The program outputs a range when you can arrive to the node satisfying the constraints.

Answer 2

Locations:
0 (28800, 28800) // must arrive and leave no later than 28800
8 (28912, 42041) // must arrive at or after 28912 and leave no later than 42041
5 (29444, 42573) // must arrive at or after 29444and leave no later than 42573
1 (43200, 43200) // must arrive and leave no later than 43200
2 (50400, 50400) // must arrive and leave no later than 50400

See the comments I have added. When the arrival time is a range as, say node 8 or 5, it basically means the arrival time needs to fall in that time range. The solution remains feasible so long that condition is met.

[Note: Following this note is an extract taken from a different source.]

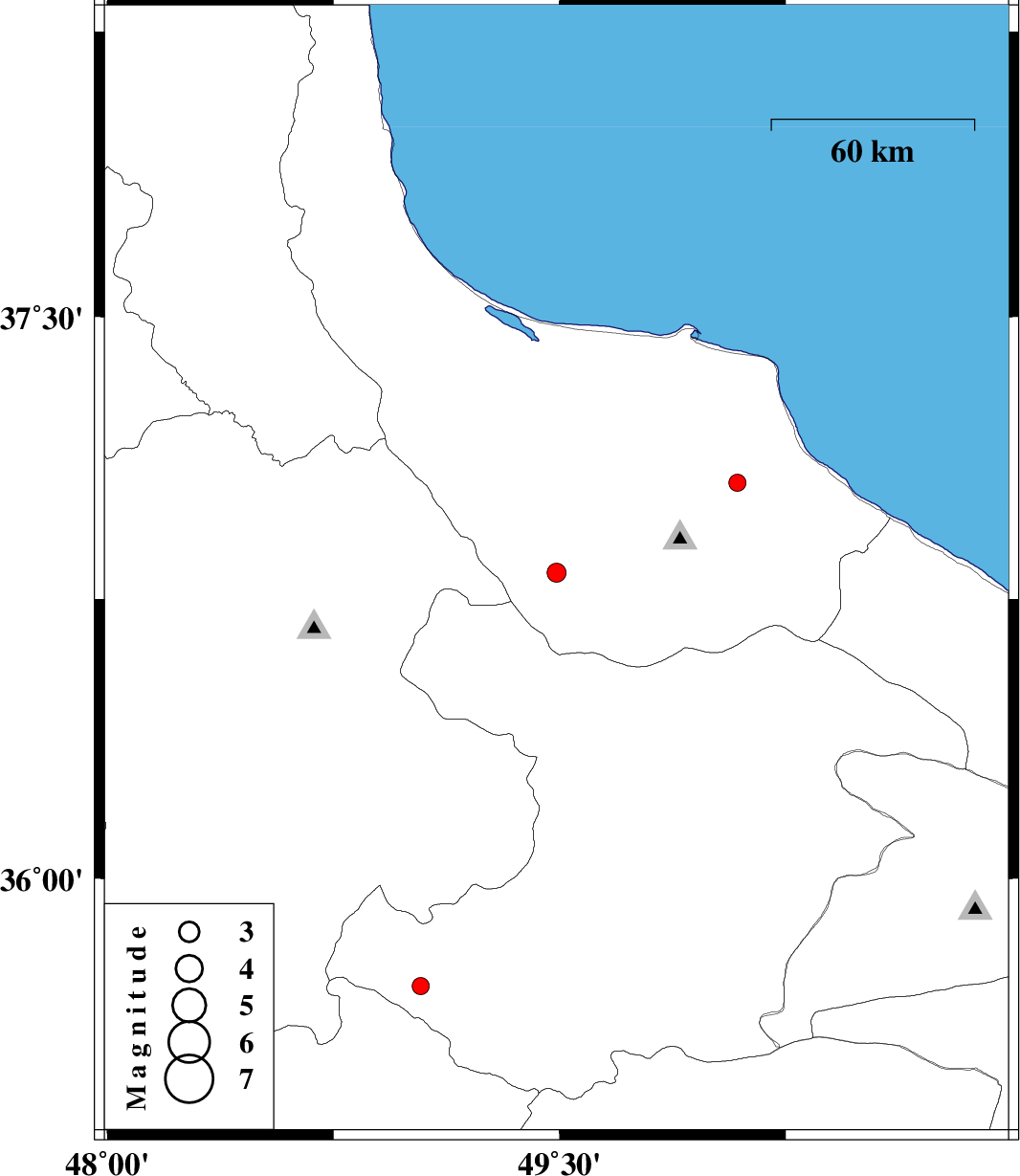 | 2008/03/06 | 03:04:05.2 | 06:34:05.2 | 36.82 | 49.49 | 14 | ML:2.8 | 5 km Rudbar, Gilan Province | ||
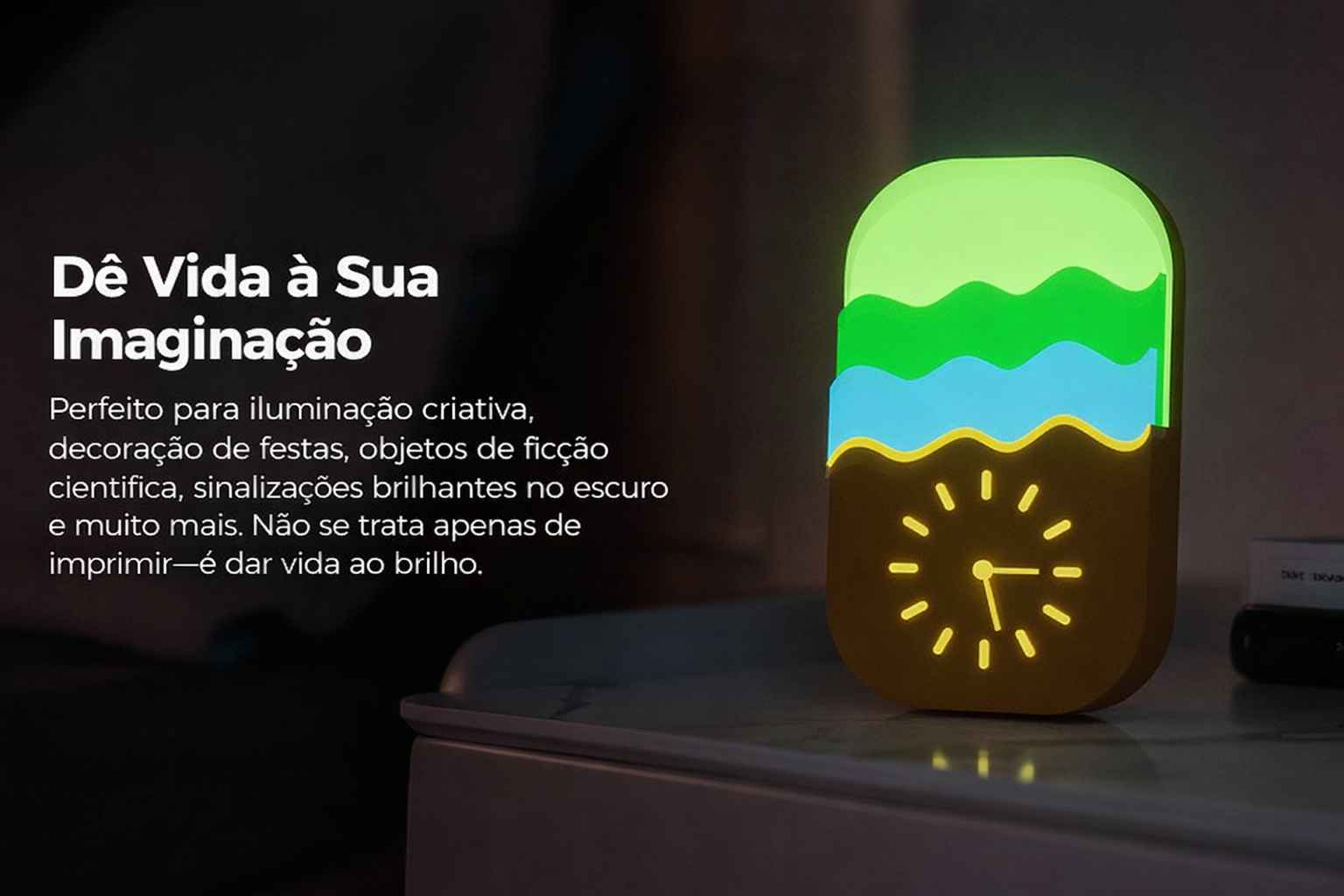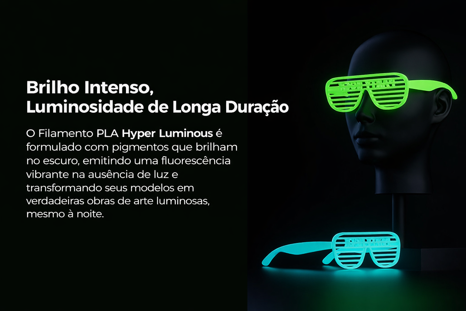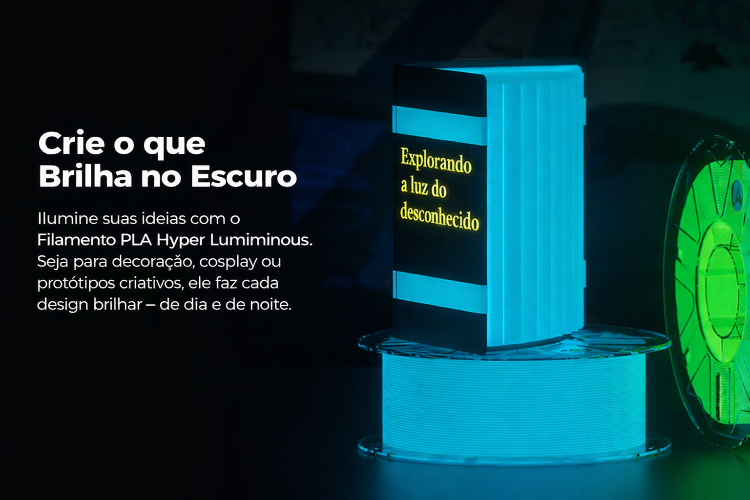 Produzido à base de PLA e enriquecido com pigmentos luminosos, o Hyper Luminous PLA absorve luz natural ou artificial e emite um brilho intenso e duradouro no escuro, transformando suas impressões em peças chamativas mesmo em ambientes com pouca iluminação.

You can verify it as follows:

Depot [28800, 28800] -> Travel (0, 8) 112-> Loc 8 [21600, 79200] -> Travel (8, 5) 532 -> Loc 5 [21600, 79200] -> Travel (5, 1) 685 -> Loc 1 [43200, 43200]

Departing at the depot at time 28800 with a travel time of 112 will have you arrive at loc 8 at time 28912 (the min value in your solution), departing immediately with a travel time of 532 will have you reach loc 5 at time 29444.

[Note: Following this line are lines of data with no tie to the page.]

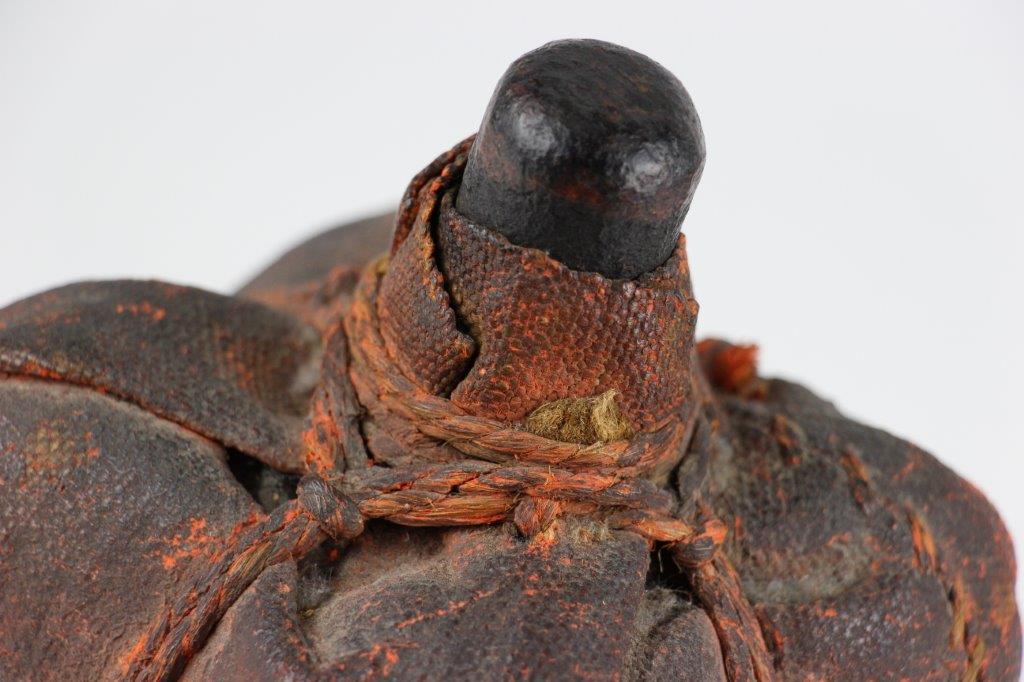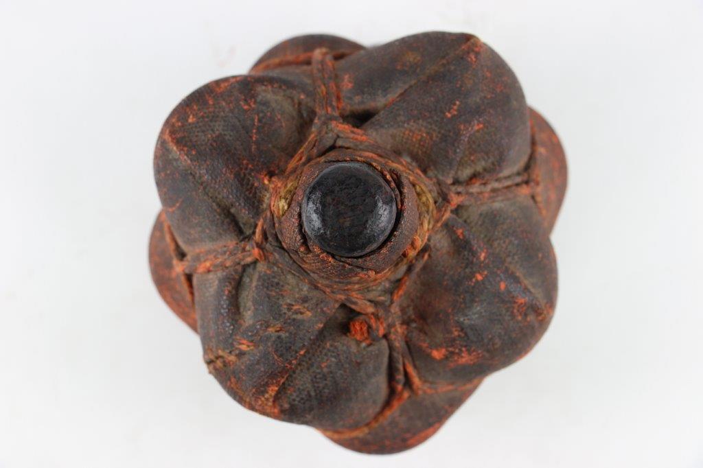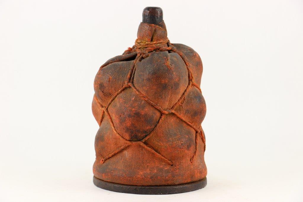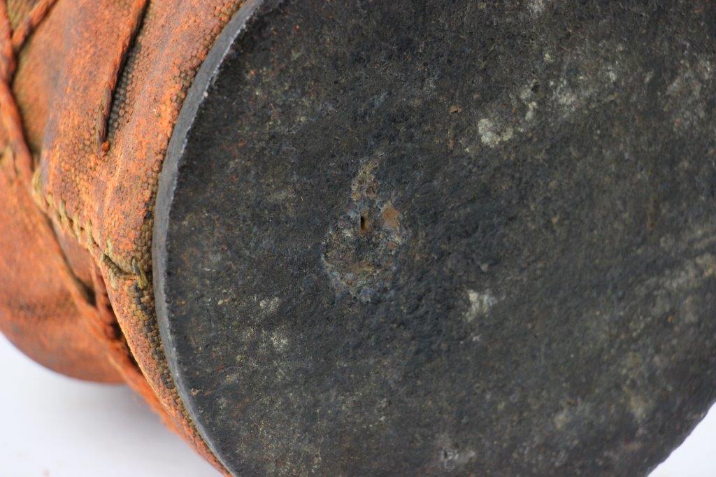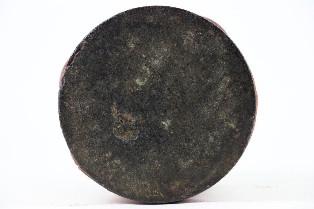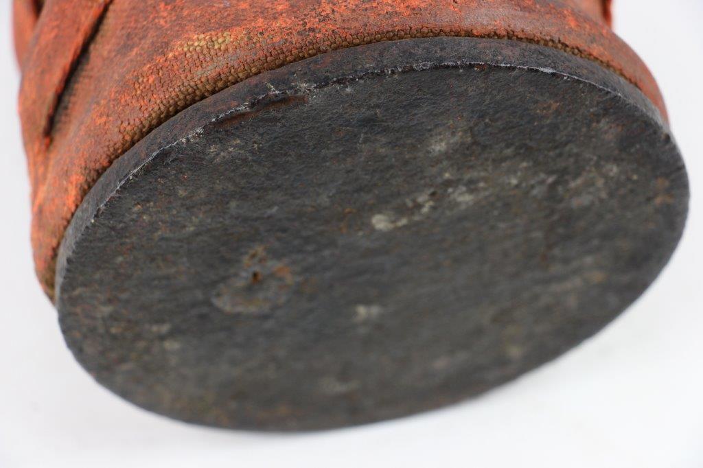7/10/24 – This is an original 32lb Stand of Grape; and artillery round used for close quarters and naval bombardment. These were used during The War of 1812 through the Civil War. This example is in great condition; still covered in the original tar-treated canvas material. The original string holding the assembly together is tight and intact throughout as well. The shot consists of 12 small 3in diameter cast iron balls clustered together, sitting on a cast iron stand. The stand shows natural age and patina with no markings or stamps. Measures about 9.5 inches tall, and the stand has a diameter of 6 inches. An incredibly preserved piece of US history. (Note this is an inert round with no fuse or gunpowder.)
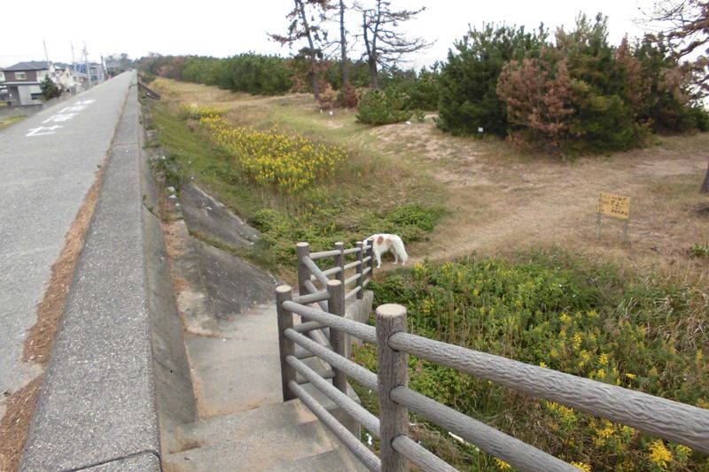 海岸を満喫して堤防に上がってきたのはユリさんです
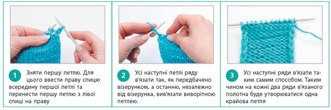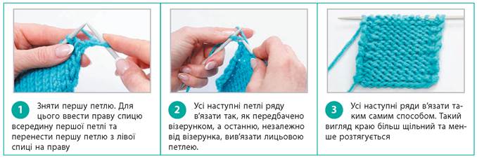 Важливим під час в'язання спицями є утворення крайових петель правого та лівого боку полотна. Від способу в'язання крайових петель і кінцевого ряду полотна залежить зовнішній вигляд виробу.

Now, loc 1 has a single time slot available, which is 43200 . So if the vehicle were to leave at time 29444 with a travel time of 627 it would reach loc 1 at time 30071 , which is not a valid arrival time. But if the vehicle were to depart at 43200-627= 42573 it would arrive on time. So this means the vehicle needs to be idle (slack) for a little while before it can go. As both loc 8 and loc 5 have a range, the solution is stating that there is some slack available at those locations. So what the min and max values are really telling you is the solution is feasible so long the arrival and departure are within those ranges.